WHAT THE EXERCISE ASKS: Would you please output all the records exactly as given? Pictures should not appear in the copy.

(DATA)

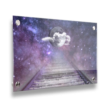 Step into a dreamscape where the earthly meets the ethereal in "Track for the Night Train," a captivating photograph by Hal Halli, proudly printed in the USA. This surreal image invites viewers to embark on an imaginative voyage along a mystical railway that seems to lead directly into the cosmos. Perfect for dreamers and stargazers, this artwork will inspire and elevate any space with its otherworldly charm. 20" x 30" Image size.
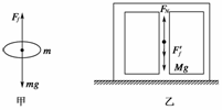 [解析] 环在竖直方向上受力情况如图甲所示,受一个重力,及箱子的杆给它的竖直向上的摩擦力Ff,根据牛顿第三定律,环应给杆一个竖直向下的摩擦力Ff′,故箱子竖直方向上受力如图乙所示,受重力Mg,地面对它的支持力FN,及环给它的摩擦力Ff′,由于箱子处于平衡状态,可得FN=Ff′+Mg=Ff+Mg.
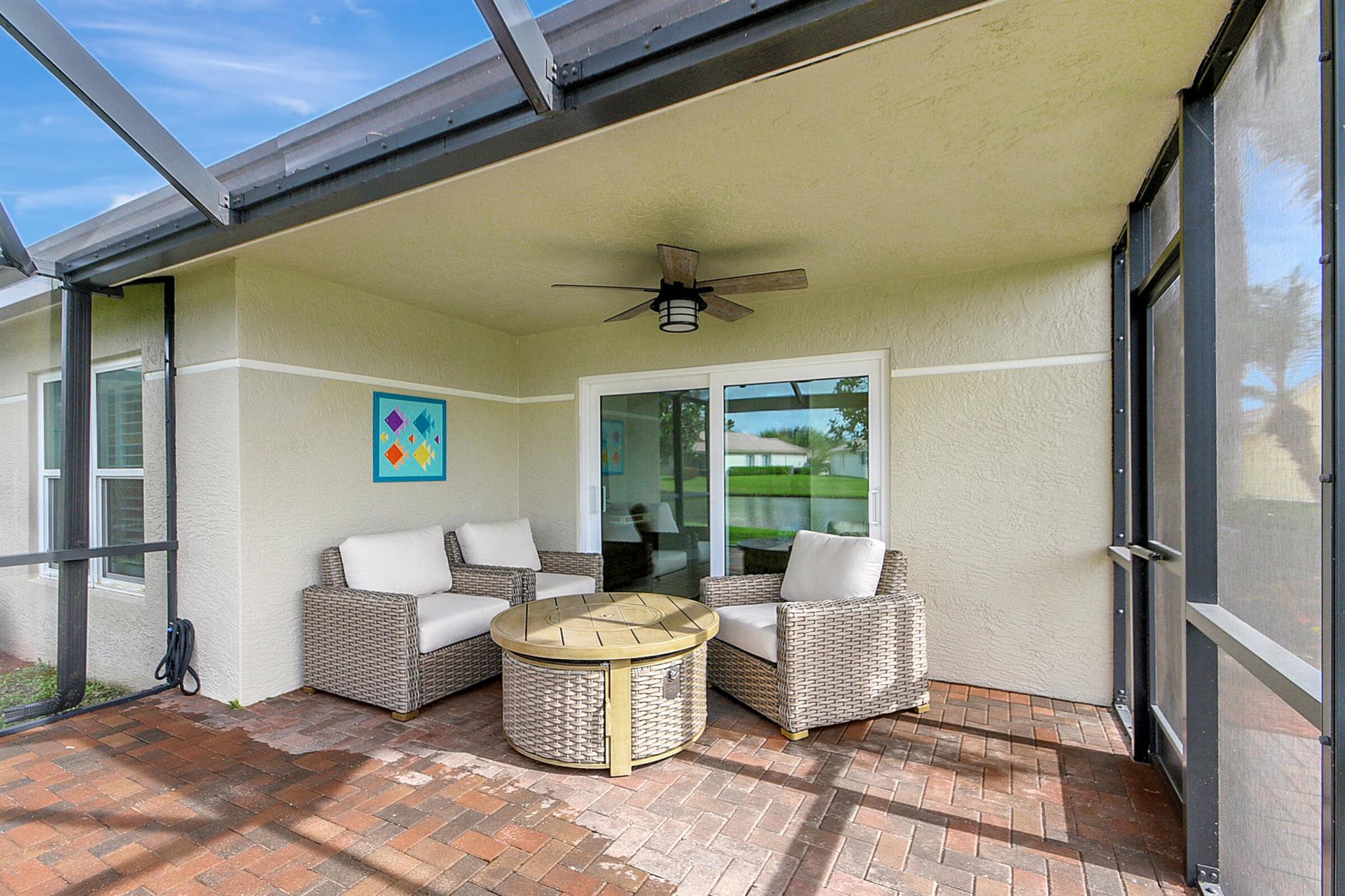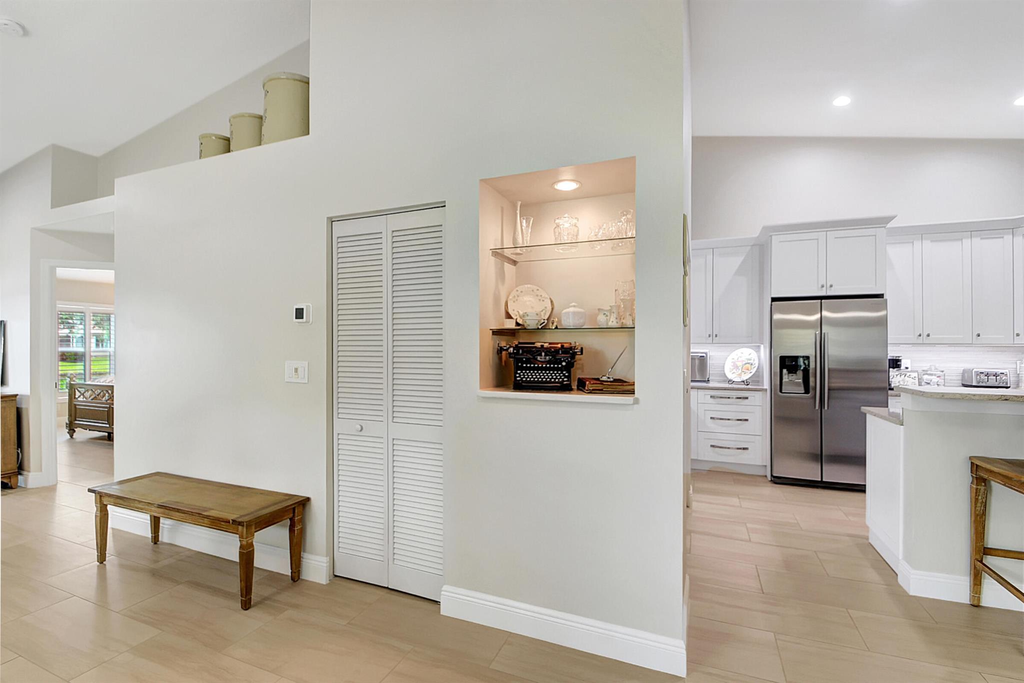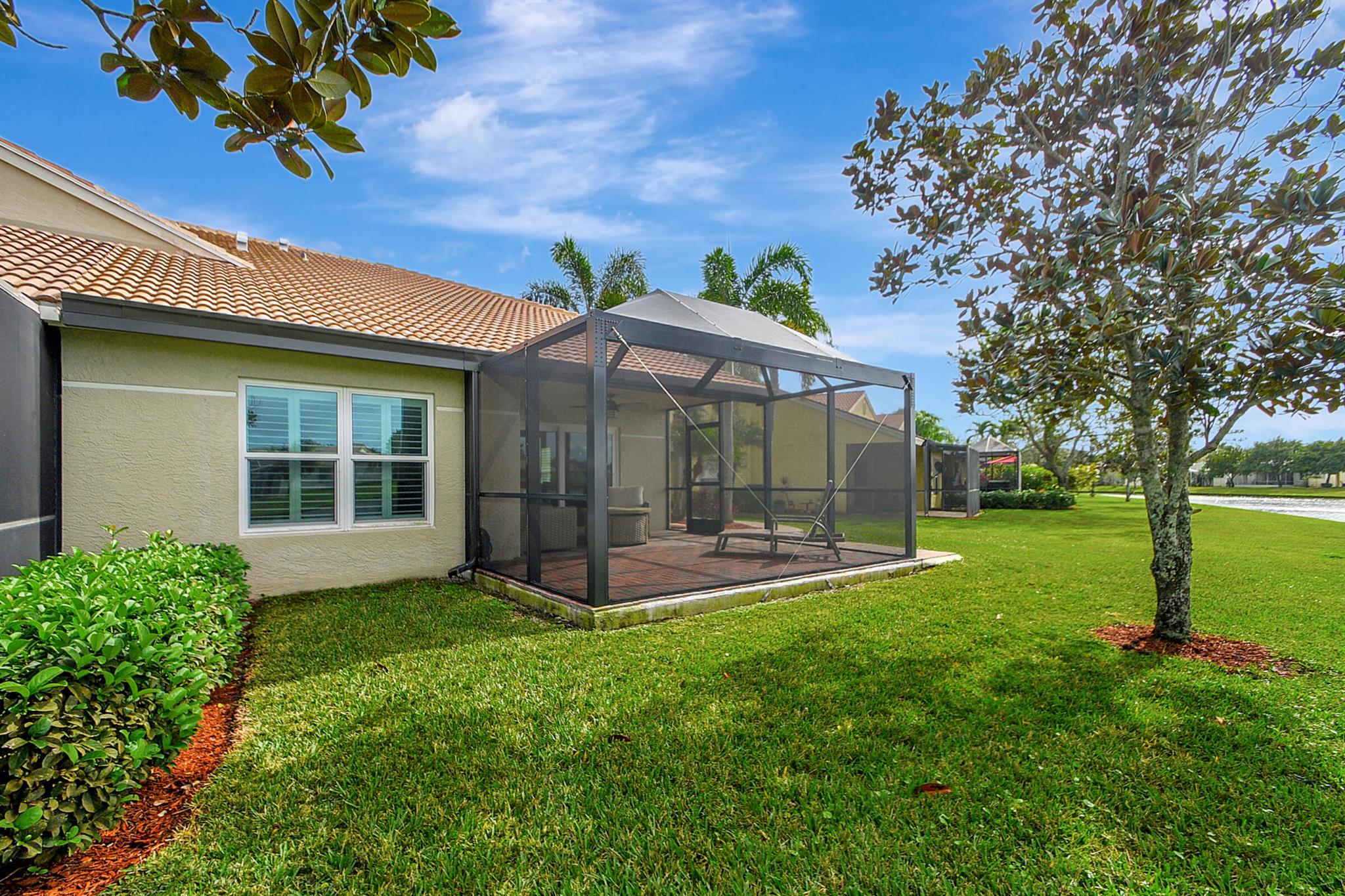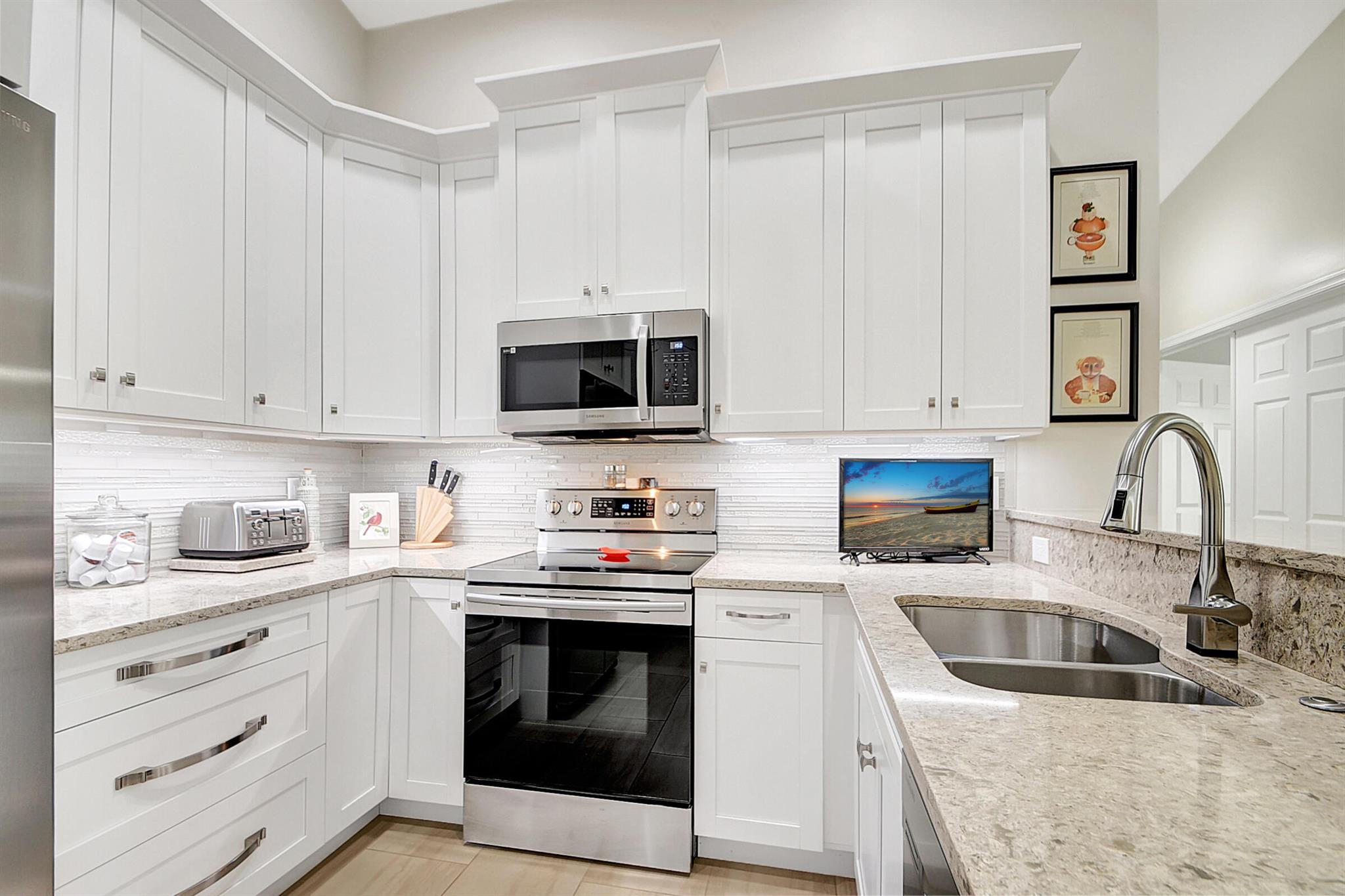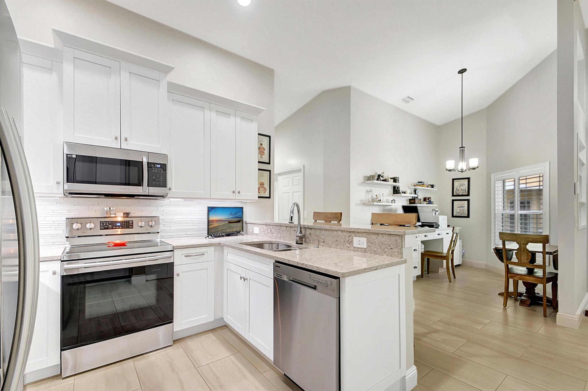ABSOLUTELY AMAZING CORNER UNIT WITH BEAUTIFUL LAKE VIEWS EVERY INCH OF THIS UNIT HAS BEEN UPDATED INCLUDING A BRAND NEW ROOF, NEW A/C, NEW KITCHEN REMODEL WITH CAMBRIA COUNTERTOPS. BOTH BATHROOMS FULL REMODEL ALSO WITH CAMBRIA COUNTER TOPS. .NEW IMPACT WINDOWS EXTENDED SCREENED IN PATIO COMPLETED LAST YEAR. PLANTATION SHUTTERS RECENTLY INSTALLED. NEW CERAMIC TILE INSTALLED THROUGHOUT THE FULL UNIT. THE SECOND BEDROOM HAS A BRAND NEW MURPHY QUEEN BED HIDDEN BY ROLLING BOOKCASES. CUSTOM OUTDOOR LIGHTING PLUS A SIDE PAVED PATH TO THE BACKYARD FROM FRONT DOOR. ALL CLOSETS HAVE CUSTOM BUILT INS. LAUNDRY IN KITCHEN MAIN ALSO INCLUDES ADT HOME PHONE AND HIGH SPEED INTERNET PROGRAMABLE TEMP CONTROL.
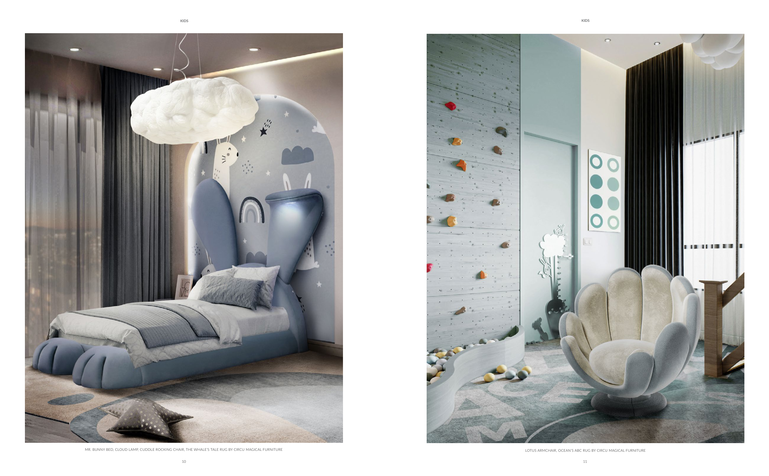MR. BUNNY BED, CLOUD LAMP, CUDDLE ROCKING CHAIR, THE WHALE’S TALE RUG BY CIRCU MAGICAL FURNITURE
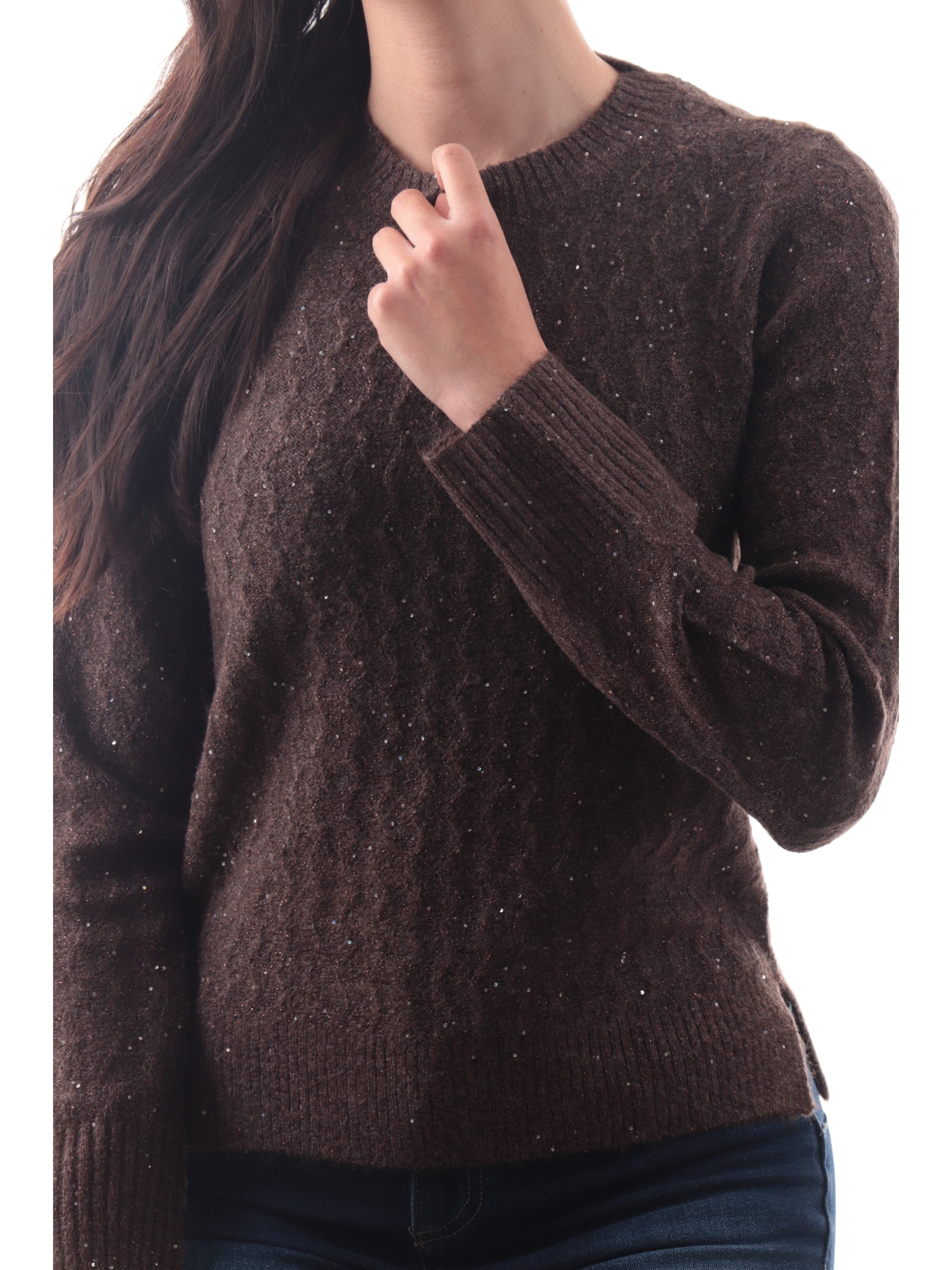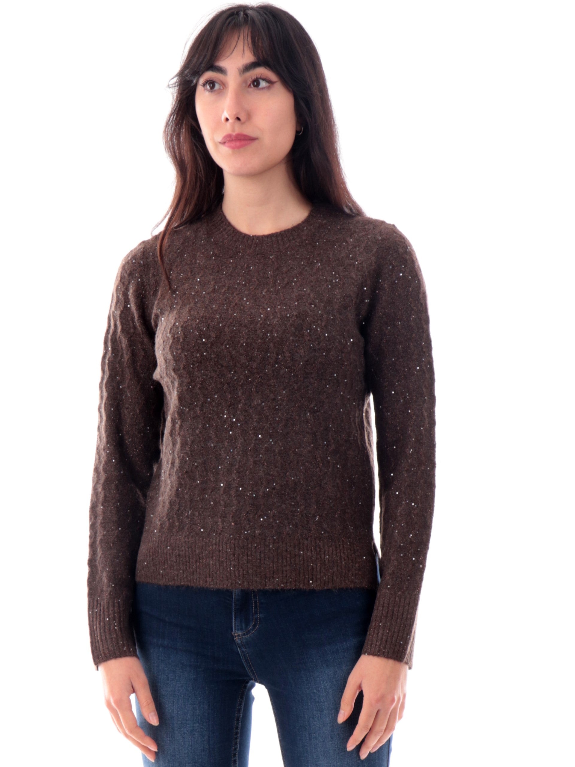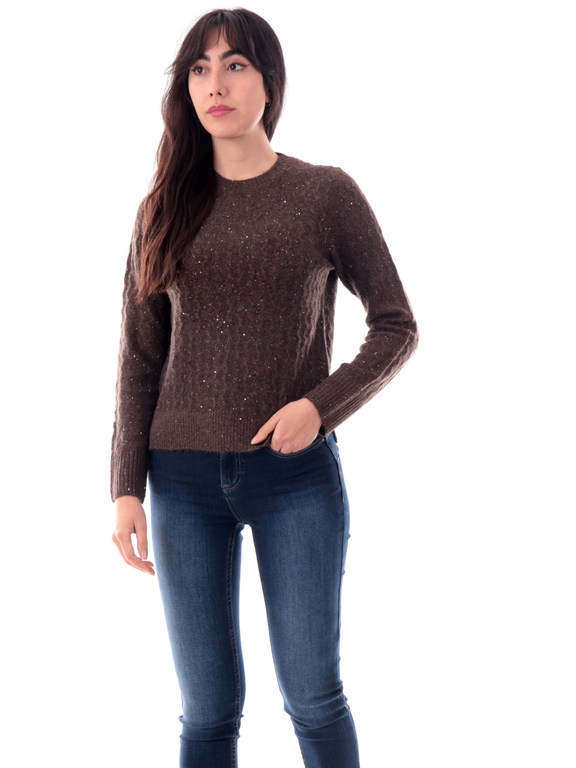 Maglione Anis White marrone da donna con pailletes . Questo maglione Anis è caratterizzato da trama lurex e vestibilità morbida con attenzione ai tessuti morbidi e di alta qualità . Un maglione marrone donna elegante e dinamico, da abbinare come preferisci.

(End DATA)

SOLUTION TO THIS EXERCISE:
 Step into a dreamscape where the earthly meets the ethereal in "Track for the Night Train," a captivating photograph by Hal Halli, proudly printed in the USA. This surreal image invites viewers to embark on an imaginative voyage along a mystical railway that seems to lead directly into the cosmos. Perfect for dreamers and stargazers, this artwork will inspire and elevate any space with its otherworldly charm. 20" x 30" Image size.
 [解析] 环在竖直方向上受力情况如图甲所示,受一个重力,及箱子的杆给它的竖直向上的摩擦力Ff,根据牛顿第三定律,环应给杆一个竖直向下的摩擦力Ff′,故箱子竖直方向上受力如图乙所示,受重力Mg,地面对它的支持力FN,及环给它的摩擦力Ff′,由于箱子处于平衡状态,可得FN=Ff′+Mg=Ff+Mg.
ABSOLUTELY AMAZING CORNER UNIT WITH BEAUTIFUL LAKE VIEWS EVERY INCH OF THIS UNIT HAS BEEN UPDATED INCLUDING A BRAND NEW ROOF, NEW A/C, NEW KITCHEN REMODEL WITH CAMBRIA COUNTERTOPS. BOTH BATHROOMS FULL REMODEL ALSO WITH CAMBRIA COUNTER TOPS. .NEW IMPACT WINDOWS EXTENDED SCREENED IN PATIO COMPLETED LAST YEAR. PLANTATION SHUTTERS RECENTLY INSTALLED. NEW CERAMIC TILE INSTALLED THROUGHOUT THE FULL UNIT. THE SECOND BEDROOM HAS A BRAND NEW MURPHY QUEEN BED HIDDEN BY ROLLING BOOKCASES. CUSTOM OUTDOOR LIGHTING PLUS A SIDE PAVED PATH TO THE BACKYARD FROM FRONT DOOR. ALL CLOSETS HAVE CUSTOM BUILT INS. LAUNDRY IN KITCHEN MAIN ALSO INCLUDES ADT HOME PHONE AND HIGH SPEED INTERNET PROGRAMABLE TEMP CONTROL.
MR. BUNNY BED, CLOUD LAMP, CUDDLE ROCKING CHAIR, THE WHALE’S TALE RUG BY CIRCU MAGICAL FURNITURE
 Maglione Anis White marrone da donna con pailletes . Questo maglione Anis è caratterizzato da trama lurex e vestibilità morbida con attenzione ai tessuti morbidi e di alta qualità . Un maglione marrone donna elegante e dinamico, da abbinare come preferisci.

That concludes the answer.